**Work instructions**
Beginning with the first entry, restate the data word for word and leave out the images.

**Source records**
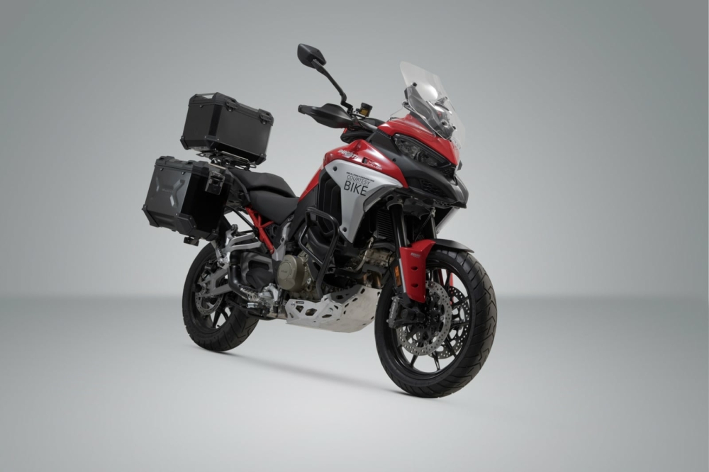 Setul de cutii Adventure include suportul lateral PRO potrivit si suportul corespunzator ADVENTURE-RACK. Aceste componente se fixeaza la punctele de atasare specifice fiecarei motociclete, oferind suport solid pentru cutiile din aluminiu TRAX ADV. Acest set reprezinta o solutie completa si lipsita de griji pentru orice calatorie. Cu cutia premium din aluminiu TRAX ADV rezistenta la apa si praf, doua cutii laterale si o cutie de bagaj, bagajele beneficiaza de cea mai buna protectie posibila. Dezvoltarea specifica fiecarei motociclete a suportului lateral PRO detasabil si a ADVENTURE-RACK asigura o potrivire optima si o prindere sigura pentru cutiile din aluminiu. Cutiile robuste din aluminiu TRAX ADV impresioneaza prin stabilitatea lor, impermeabilitatea la apa si praf, aspectul elegant, caracteristicile bine gandite si gama larga de accesorii disponibile. Pentru mai mult spatiu de depozitare, acest set Adventure include doua genti de extensie TRAX M L, care se fixeaza pe cutiile laterale si sunt rezistente la apa, permitand accesul rapid la continut. Pachetul include: 1 x TRAX ADV Top case, 38,00 l 1 x TRAX ADV L Aluminium case, 45,00 l, stanga 1 x TRAX ADV L Aluminium case, 45,00 l, dreapta 2 x Suport lateral PRO 2 x Adaptoare pentru suportii laterali 2 x Protectie antifurt pentru suportii lateral 1 x Suport top-case Adventure Rack 1 x Adaptoare pentru suportul Adventure Rack 3 x Seturi de chei Trax 2 x Genti TRAX WP M L 6 x Limitatoare de capac 3 x Genti interne 1 x Unelte multiple Instructiuni de montaj Material de montaj
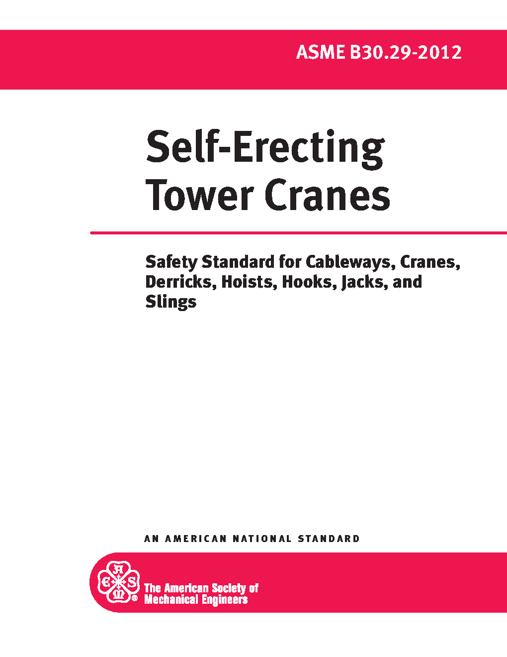 Applies to the construction, operation, inspection, testing and maintenance of powered, self-erect tower cranes, which adjust operating radius by means of a trolley traversing a jib. These may be horizontal, elevated, articulating, or telescoping, used for vertical lifting and lowering of freely suspended, unguided loads which consist of equipment and materials. Self-erect tower cranes have vertical or nearly vertical masts that are bottom slewing and mounted on fixed, traveling, or mobile bases. The cranes are capable of moving or being moved from jobsite to jobsite fully assembled or nearly fully assembled. This volume does not apply to cranes used for non-vertical lifting service or lifting a guided load and truck-mounted material delivery cranes with a tubular boom and trolley traversing the boom. Tower cranes (refer to ASME B30.3) and mobile crane tower attachments (refer to ASME B30.5) are not within the scope of this volume.
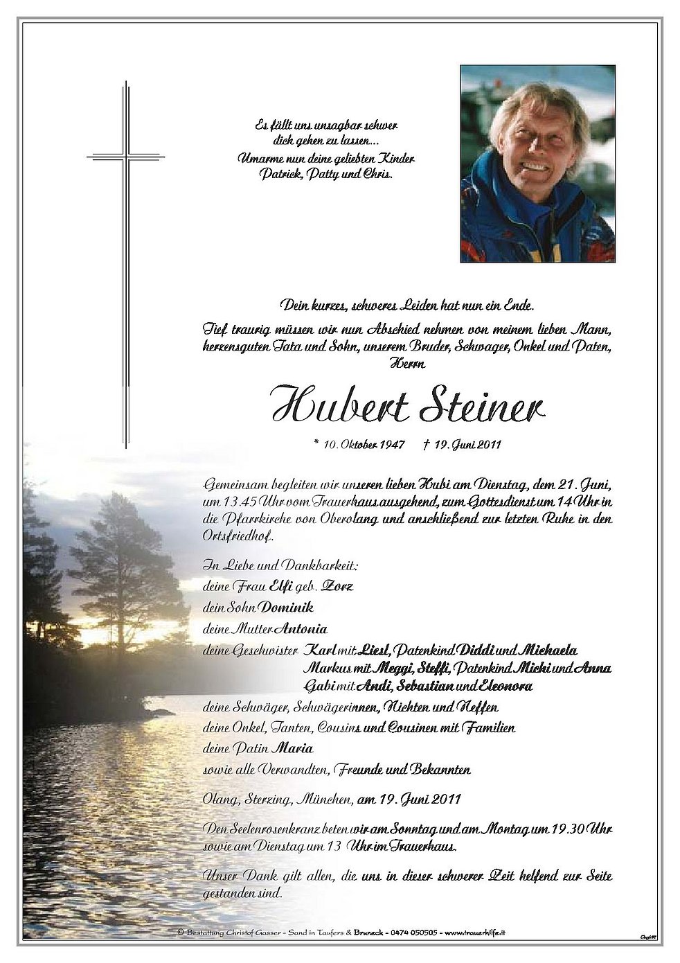 Gemeinsam begleiten wir unseren lieben Hubi am Dienstag, dem 21. Juni, um 13.45 Uhr vom Trauerhaus ausgehend, zum Gottesdienst um 14 Uhr in die Pfarrkirche von Oberolang und anschließend zur letzten Ruhe in den Ortsfriedhof.
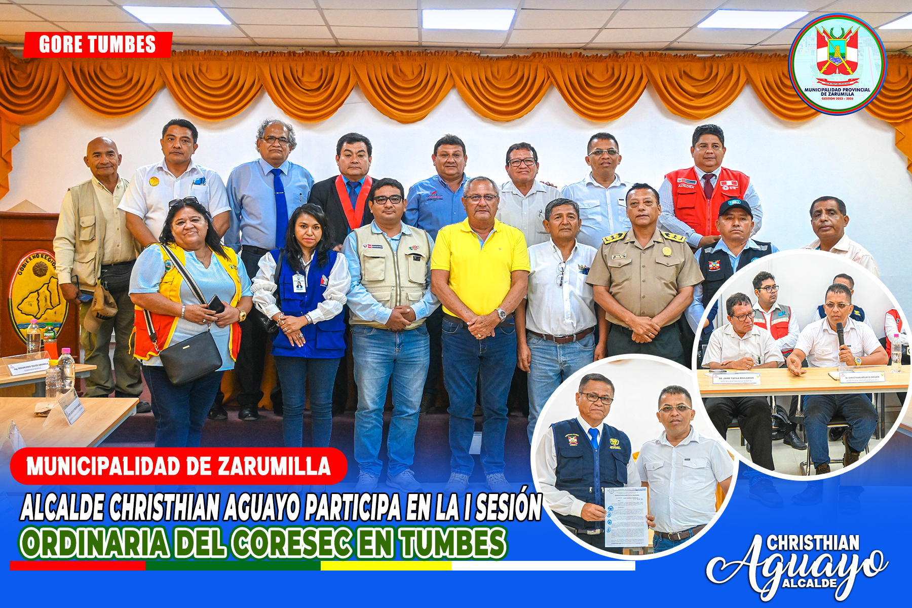 ✅ El alcalde provincial de Zarumilla, Abg. Christhian Aguayo Infante, participó en la I Sesión Ordinaria del Comité Regional de Seguridad Ciudadana (CORESEC), donde se llevaron a cabo importantes actividades, entre ellas la juramentación de nuevos miembros del CORESEC y la entrega de reconocimientos a ponentes y participantes del Plan de Fortalecimiento de Capacidades de Serenos de la Región Tumbes.
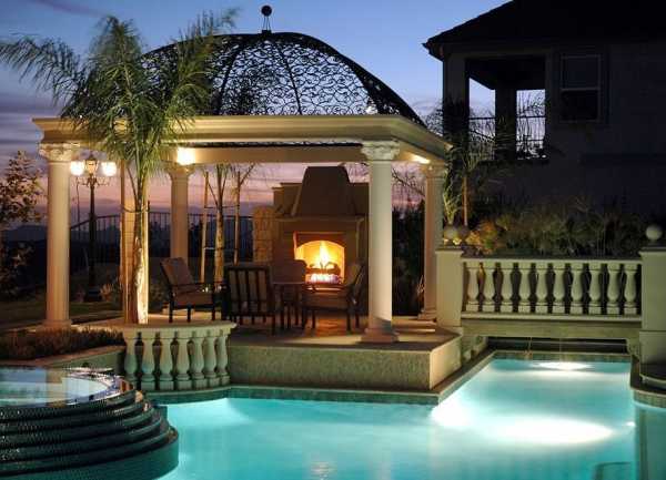 Вдвойне приятным времяпровождением можно считать нахождение зоны отдыха возле огня и воды одновременно. Способы воспроизведения такого проекта летних беседок для барбекю на фото:

**Answer box**
 Setul de cutii Adventure include suportul lateral PRO potrivit si suportul corespunzator ADVENTURE-RACK. Aceste componente se fixeaza la punctele de atasare specifice fiecarei motociclete, oferind suport solid pentru cutiile din aluminiu TRAX ADV. Acest set reprezinta o solutie completa si lipsita de griji pentru orice calatorie. Cu cutia premium din aluminiu TRAX ADV rezistenta la apa si praf, doua cutii laterale si o cutie de bagaj, bagajele beneficiaza de cea mai buna protectie posibila. Dezvoltarea specifica fiecarei motociclete a suportului lateral PRO detasabil si a ADVENTURE-RACK asigura o potrivire optima si o prindere sigura pentru cutiile din aluminiu. Cutiile robuste din aluminiu TRAX ADV impresioneaza prin stabilitatea lor, impermeabilitatea la apa si praf, aspectul elegant, caracteristicile bine gandite si gama larga de accesorii disponibile. Pentru mai mult spatiu de depozitare, acest set Adventure include doua genti de extensie TRAX M L, care se fixeaza pe cutiile laterale si sunt rezistente la apa, permitand accesul rapid la continut. Pachetul include: 1 x TRAX ADV Top case, 38,00 l 1 x TRAX ADV L Aluminium case, 45,00 l, stanga 1 x TRAX ADV L Aluminium case, 45,00 l, dreapta 2 x Suport lateral PRO 2 x Adaptoare pentru suportii laterali 2 x Protectie antifurt pentru suportii lateral 1 x Suport top-case Adventure Rack 1 x Adaptoare pentru suportul Adventure Rack 3 x Seturi de chei Trax 2 x Genti TRAX WP M L 6 x Limitatoare de capac 3 x Genti interne 1 x Unelte multiple Instructiuni de montaj Material de montaj
 Applies to the construction, operation, inspection, testing and maintenance of powered, self-erect tower cranes, which adjust operating radius by means of a trolley traversing a jib. These may be horizontal, elevated, articulating, or telescoping, used for vertical lifting and lowering of freely suspended, unguided loads which consist of equipment and materials. Self-erect tower cranes have vertical or nearly vertical masts that are bottom slewing and mounted on fixed, traveling, or mobile bases. The cranes are capable of moving or being moved from jobsite to jobsite fully assembled or nearly fully assembled. This volume does not apply to cranes used for non-vertical lifting service or lifting a guided load and truck-mounted material delivery cranes with a tubular boom and trolley traversing the boom. Tower cranes (refer to ASME B30.3) and mobile crane tower attachments (refer to ASME B30.5) are not within the scope of this volume.
 Gemeinsam begleiten wir unseren lieben Hubi am Dienstag, dem 21. Juni, um 13.45 Uhr vom Trauerhaus ausgehend, zum Gottesdienst um 14 Uhr in die Pfarrkirche von Oberolang und anschließend zur letzten Ruhe in den Ortsfriedhof.
 ✅ El alcalde provincial de Zarumilla, Abg. Christhian Aguayo Infante, participó en la I Sesión Ordinaria del Comité Regional de Seguridad Ciudadana (CORESEC), donde se llevaron a cabo importantes actividades, entre ellas la juramentación de nuevos miembros del CORESEC y la entrega de reconocimientos a ponentes y participantes del Plan de Fortalecimiento de Capacidades de Serenos de la Región Tumbes.
 Вдвойне приятным времяпровождением можно считать нахождение зоны отдыха возле огня и воды одновременно. Способы воспроизведения такого проекта летних беседок для барбекю на фото:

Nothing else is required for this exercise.